Task item: Look through the material below and show every line with the word "Antônio".

Excerpted records:
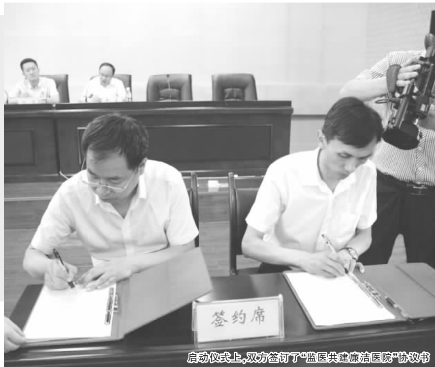
启动仪式上,双方签订了“监医共建廉洁医院”协议书

医院不定期派出纪检工作人员到区监委学习,不断提升监督执纪能力。通过集中学习、实践锻炼,不断优化
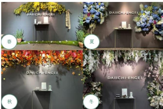
第一園芸本社のエントランスを季節ごとに装飾
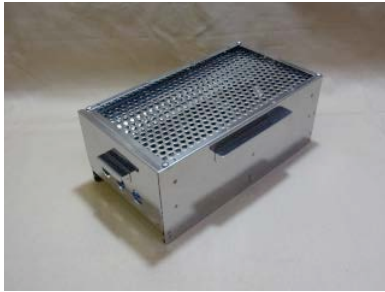
1. 収納形体。コンパクトな箱の状態です。 (固形燃料の収納もできます。)
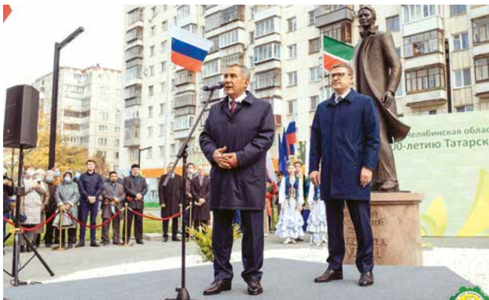
Чиләбе шәһәрендә Габдулла Тукайга һәйкәл ачу
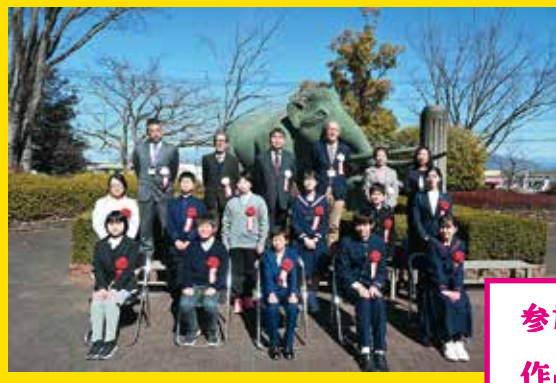
▲2月26日【日】表彰式・受賞者集合写真 ※当初2月11日開催予定でしたが大雪のため延期となりました。
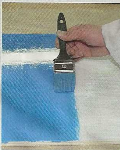
▲ Un bon pinceau est un pinceau adapté à la surface... qui ne sème pas de soies en route !

De toute évidence, le chapitre résine et stratification concerne en premier lieu les bateaux en composite. Mais quel que soit le matériau de votre coque, un renfort en fibre de verre peut rendre de grands services sur le pont ou dans les emménagements. Quant à la peinture, elle est omniprésente à bord... Et que dire du Sika ? Le célèbre mastic polyuréthane, qui permet de tout coller et tout étancher, est aussi nécessaire au marin en voyage que le vent et l'eau... A condition de savoir s'en servir. Sur bien des bateaux, la bouteille d'acétone n'est jamais très loin non plus. Dès qu'il faut dégraisser avant collage, nettoyer un peu de résine qui colle... Mais attention, ses vapeurs sont toxiques. Idem quand vous poncez de la fibre : on se protège.
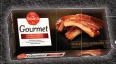
Costela com molho barbecue Seara 1 kg

Os benefícios da carne suína são muitos. Ela é rica em fósforo, vitamina B12, ferro e potássio e os cortes magros ainda têm quantidade menor de gordura se comparados aos de outros animais. O ideal é preparar a carne de modo que fique macia e ainda úmida por dentro – não havendo necessidade de deixar esturricar os filés. Para dar ainda mais sabor aos cortes, prepare-os na grelha. No caso de picanha, basta cortá-la em filés, pincelar azeite e deixar cozinhar por 4 minutos de cada lado, na grelha previamente aquecida. Mas, se a escolha é por costela, marine a peça de um dia para o outro com os temperos de sua preferência (como alecrim, vinho, cebola). Passadas 12 horas, retire a peça da marinada, envolva-a em papel-alumínio e leve para assar na brasa por cerca de 2 horas, virando sempre. Após o cozimento, retire o alumínio e asse por mais alguns minutos até dourar. A linguiça já é velha conhecida da brasa e pede atenção apenas para ser virada constantemente para assar por igual de todos os lados.
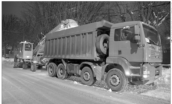
Уборку улиц от снега ивановские власти проверили ночью.
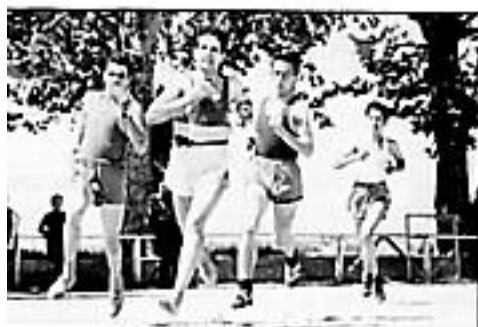
Carrera de 1.500 metros en La Arboleda.
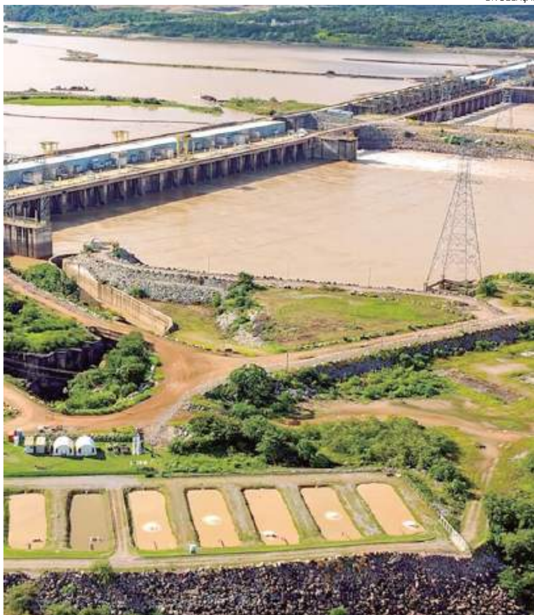
Hidrelétrica de Santo Antônio não era interrompida há 56 anos

Por conta do baixo nível da água, a usina de Santo Antônio parou de funcionar desde o início de outubro, impactando a vida dos ribeirinhos que dependem do fornecimento
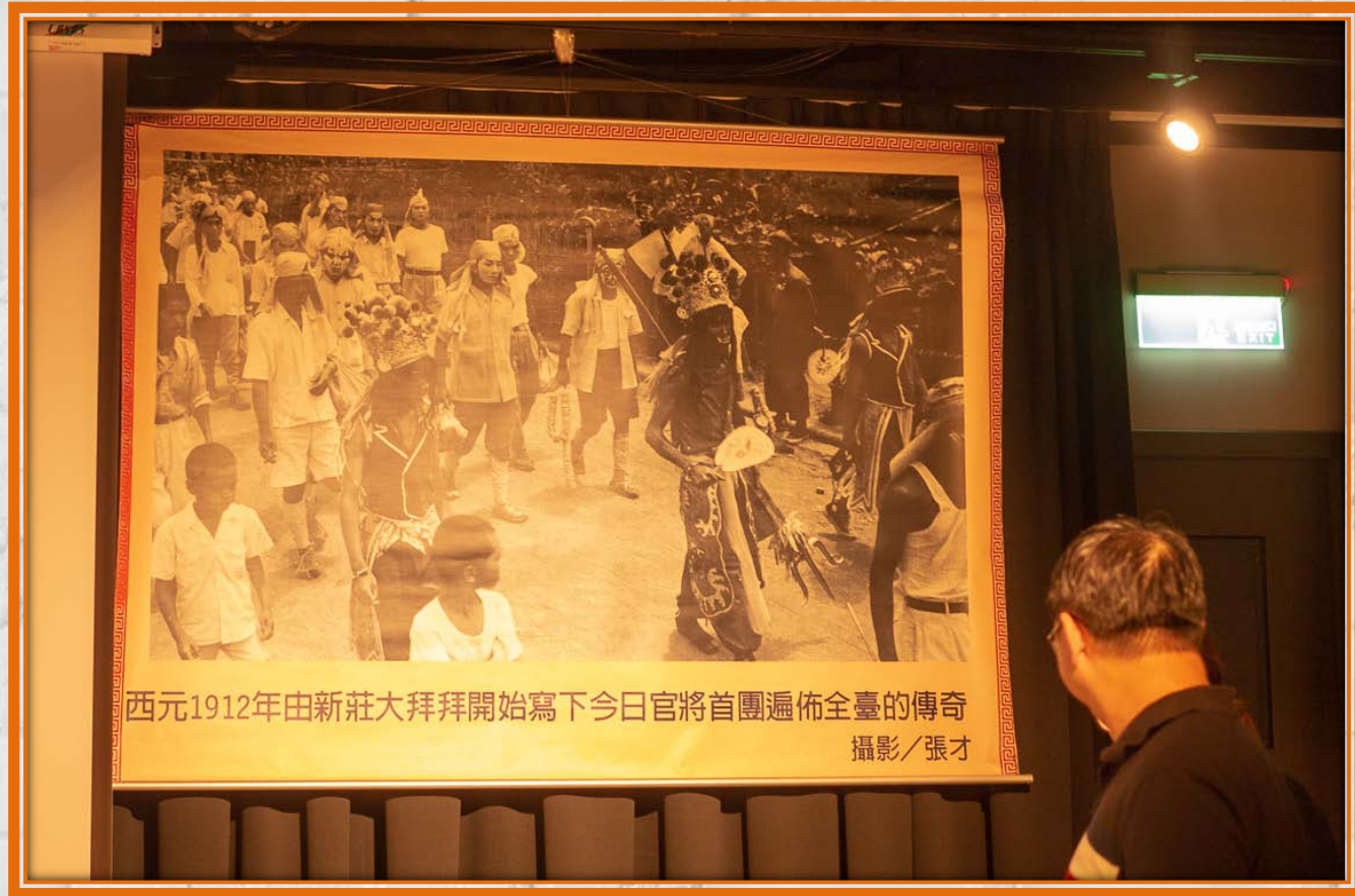
西元1912年由新莊大拜拜開始寫下今日官將首團遍佈全臺的傳奇

西元1912年新莊大拜拜，開始出現官將首的陣頭，新莊地藏庵即是台灣官將首的起源地。
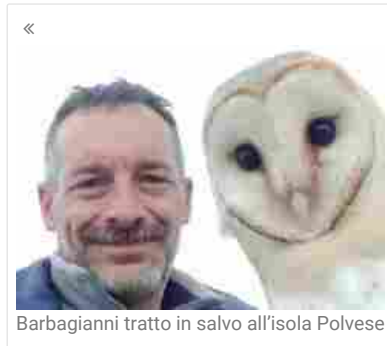
Barbagianni tratto in salvo all'isola Polvese
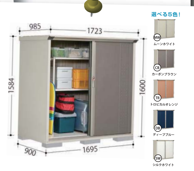
99ポ物置 小型物置 GP-179BF
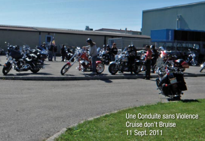
Une Conduite sans Violence Cruise don't Bruise 11 Sept. 2011
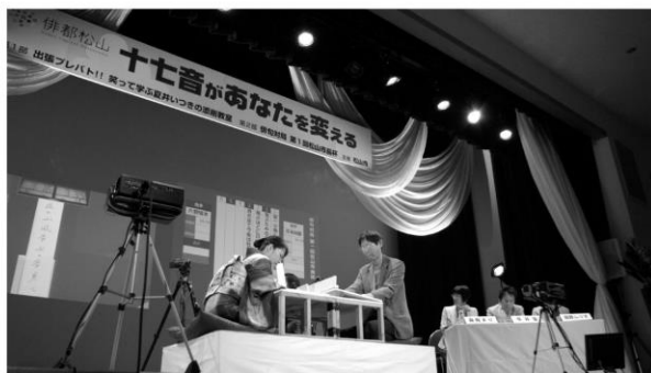
▲昨年松山市で開催された俳句対局の様相

1957年愛媛県生まれ。松山市在住。8年間の中学国語教諭の後、俳人へ転身。「第8回俳壇賞」受賞など。俳句集団「いつき組」組長。創作活動&指導に加え、俳句の授業〈句会ライブ〉、全国高等学校俳句選手権「俳句甲子園」の創設にも携わるなど幅広く活動中。テレビラジオのレギュラー出演、MBS「プレバト!!」俳句コーナー出演中。松山市公式俳句サイト「俳句ポスト365」選者、朝日新聞愛媛俳壇選者、愛媛新聞日曜版小中学生俳句欄選者。句集「伊月集 梶（マルコボコム）」、「100年俳句計画（そうえん社）」、「子規365日（朝日新書）」、「絶滅寸前季語辞典（ちくま文庫）」、「超辛口先生の赤ペン俳句教室（朝日出版社）」など著書多数。2015年5月、松山市から俳都松山大使に任命される。
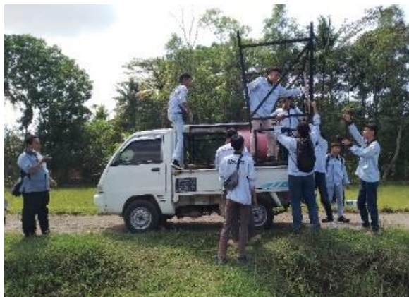
Gambar 12. Instalasi Pompa Air Tenaga Surya di Desa Widarapayung Wetan
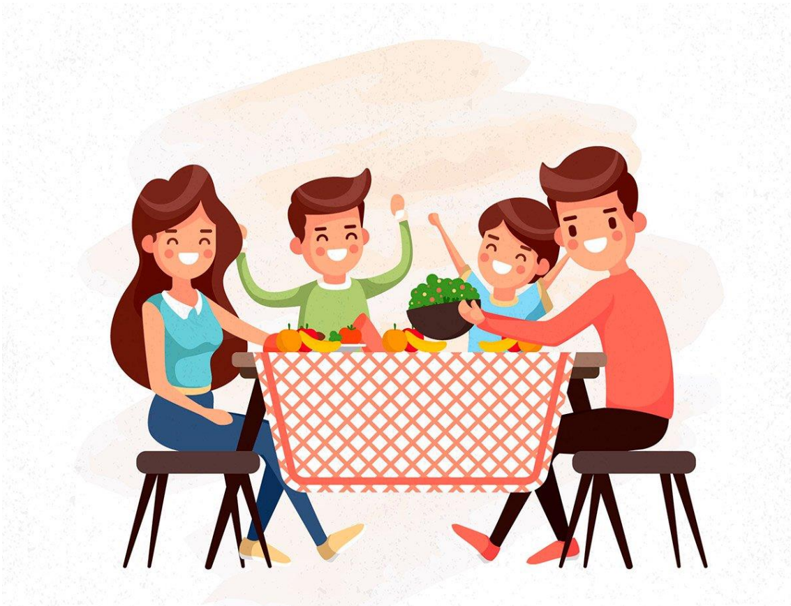
Figura 11-família à mesa
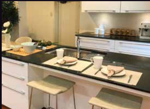
彩り豊かなダイニングカウンターに…
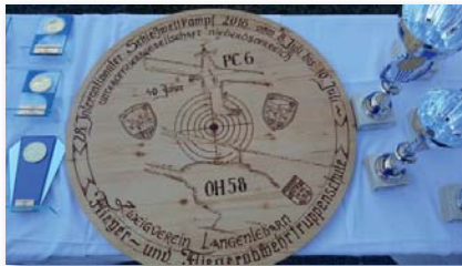
A verseny logója és a díjak
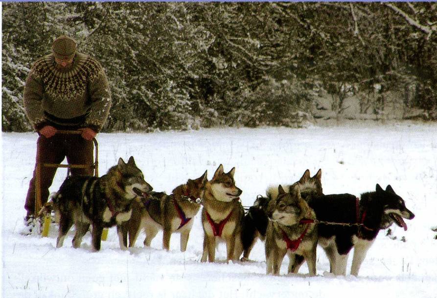
West Siberische Laiki blinken uit in veelzijdigheid.

nenzoekers en reddingshonden. Ook als waak- en verdedigingshond heeft het ras zijn sporen verdient. Een Laika is zeer beweeglijk en behendig, heeft een groot coördinatievermogen, kan goed luisteren en is mensgericht. Zoals bij een natuurras hoort, beschikt hij over een gezonde portie jachtdrift. Als blindengeleidehond is hij door zijn beweeglijkheid niet geschikt maar, zowel in het land van oorsprong als ook daarbuiten, wordt hij tevens gewaardeerd als gezelschapshond.
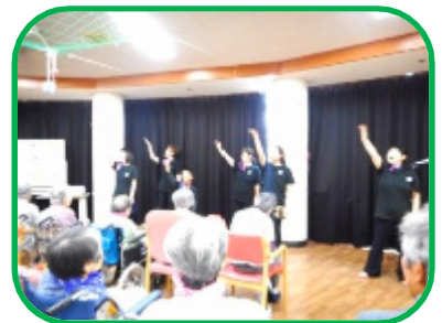
ラベンダーの会の皆様ありがとうございました

5 月 12 日(土)に母の日会を開催しました。ご利用者の皆さんとご家族を招待して、ラベンダーの会の方々による手話を使った歌をご覧いただきました。「世界に 1 つだけの花」や「ふるさと」など 8 曲披露して頂き、手話と踊りを楽しまれました。
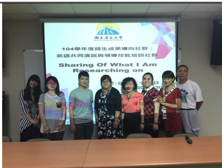
《4/28 英語公共演說與領導技能培訓社群成員大合照》
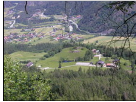
Panorama unserer Ferienanlage
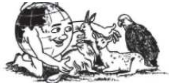
12. Menjaga kelestarian binatang yang sudah hampir punah

Exercise result:
Hidrelétrica de Santo Antônio não era interrompida há 56 anos
Por conta do baixo nível da água, a usina de Santo Antônio parou de funcionar desde o início de outubro, impactando a vida dos ribeirinhos que dependem do fornecimento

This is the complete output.